Send Messages From Pub/Sub To BigQuery Cheaper
EDIT NOTE: On 28th July 2022, GCP introduced a new option for pushing the messages directly to BigQuery. If you are interested in customization of the data transfer, this blog post might still be useful.
Honestly, whenever you try to google how to send a message from Pub/Sub to BigQuery, you will find many blog posts explaining how simple it is and how Dataflow is the right tool to use. In a small subset of those blog posts, you can find that streaming in Dataflow is not as cheap as batch processing. Therefore, using Dataflow might cost you a few dollars. There is also a template for Dataflow you can use. Since the template deploys GCE instances, your GCP spendings might be higher than expected. Of course, it can be done cheaper. That’s what this blog post is about.
Dataflow implementation
We will only discuss the implementation of Dataflow using Pub/Sub subscription. Having a subscription between a topic and a Dataflow job can be helpful in case you are interested in the messages: you can inspect the messages or set up DLQ. That is especially useful when your Dataflow processing is rather complex. Let’s face it: putting messages from Pub/Sub to BigQuery without any additional work is not a difficult task.
Let’s consider example configuration from terraform module dataflow_pubsub_to_bq. It simply subscribes itself, pulls the messages and then saves them to the BigQuery based on the given BigQuery schema. Due to the way how Beam SDK works, the schema has to be known before deployment:
module "pubsub_to_bq" {
source = "../"
bigquery_schema = "i:INTEGER"
bigquery_table = "${var.project}:${var.dataset_id}.${var.table_id}"
input_subscription = "projects/${var.project}/subscriptions/..."
...
}
With the help of PipelineOptions, I changed which machine type is used to e2-medium. Shared core machine types are not currently supported. Using e2-medium is the cheapest option possible. If you wouldn’t set a different machine type, Dataflow would set it to the n1-standard-2. Just like that, you are already paying for a machine you hardly use. Additional costs are related to the streaming, which is charged in Dataflow itself.
The simple example from the project cost us 34 € just because I forgot about it for a few days:
Changing to a Pub/Sub Topic to BigQuery setup, where messages are pushed rather than pulled, wouldn’t make a big difference. You would be paying extra for streaming as well. No matter how much I tried to google Dataflow cost optimization, I always paid way too much. It just seems to me that whoever wrote the template from Dataflow documentation did not care about the money. It should probably be mentioned somewhere in the documentation that the solution might be costly.
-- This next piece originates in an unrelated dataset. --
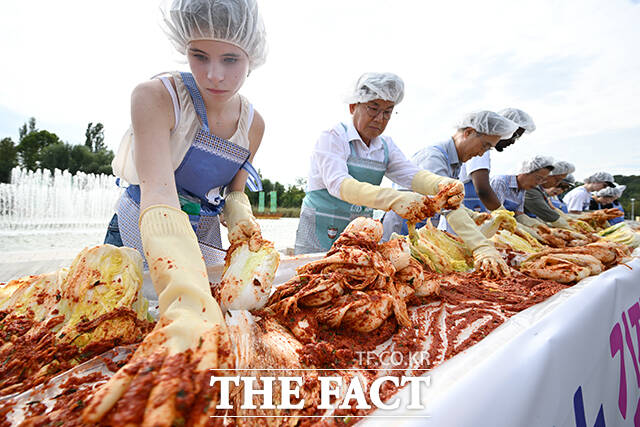 [더팩트ㅣ서예원 기자] 제18회 마포나루 새우젓축제가 17일 오전 서울 마포구 월드컵공원 평화광장 일대에서 열린 가운데 박강수 마포구청장(왼쪽에서 두 번째)이 외국인들과 함께 김치 담그기 체험을 하고 있다.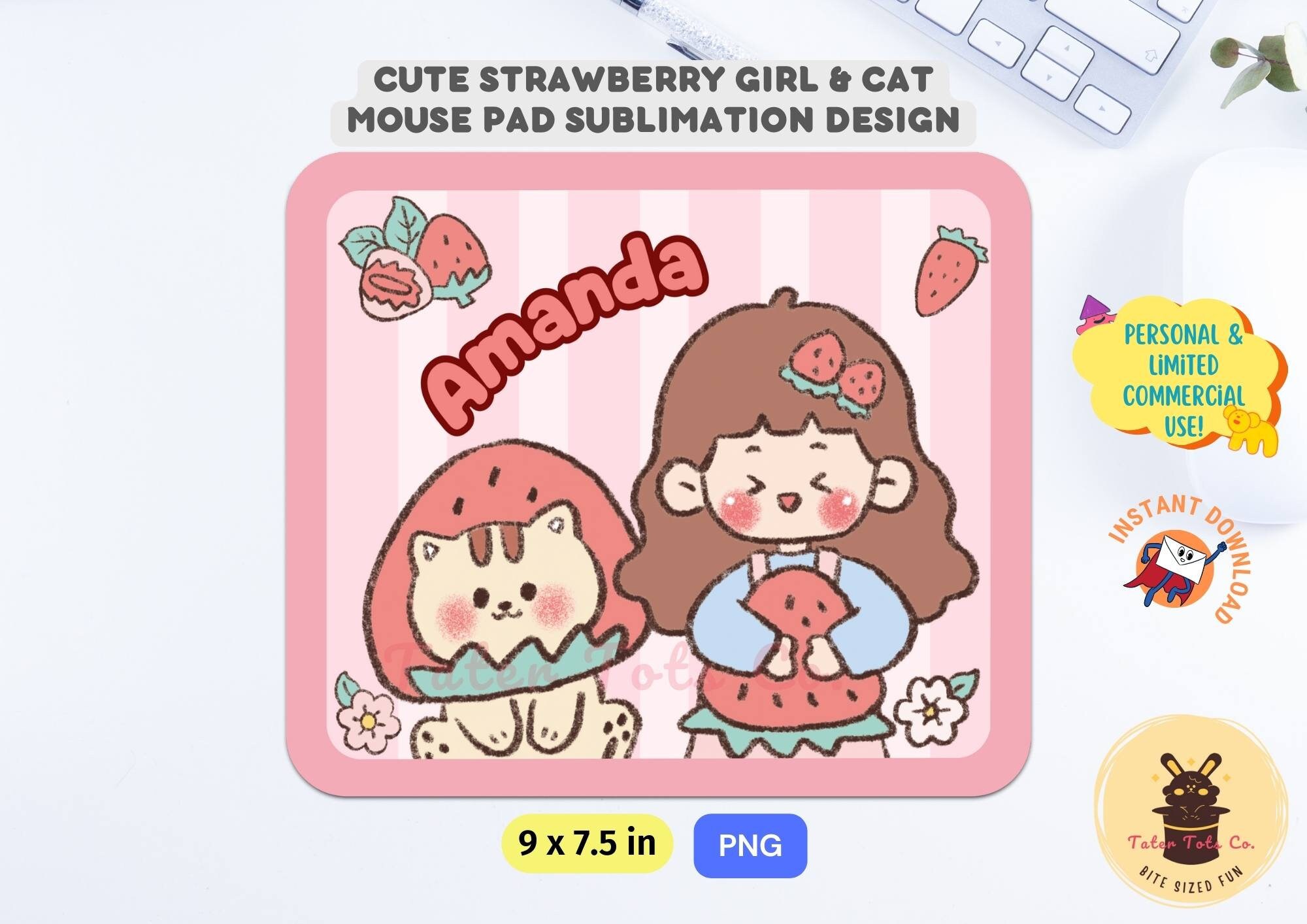 Cute Hand drawn Strawberry Girl and Cat Pink Sublimation Design Mousepad Rectangle Mouse pad Design Instant Download PNG

Subscribing to the topic with cloud function
Using the Python SDK for BigQuery is fairly simple. Writing a few lines for saving data to BigQuery table is not a difficult task:
errors = client.insert_rows_json(table_id, [event_data])
if not errors:
logging.info("New rows have been added.")
else:
raise ValueError("Encountered errors while inserting row: {}".format(errors))
The only thing that seems odd to me is that the method insert_rows_json does not throw exceptions for a wrong input. You have to check for errors in the return value.
We all know an excellent platform to run small pieces of code: That’s usually a job for Cloud Function. Pub/Sub has support for subscribing Cloud Function to the topic. You just need to provide a function to create an endpoint where to submit messages to. We prepared a terraform module for that. You can check it on Github.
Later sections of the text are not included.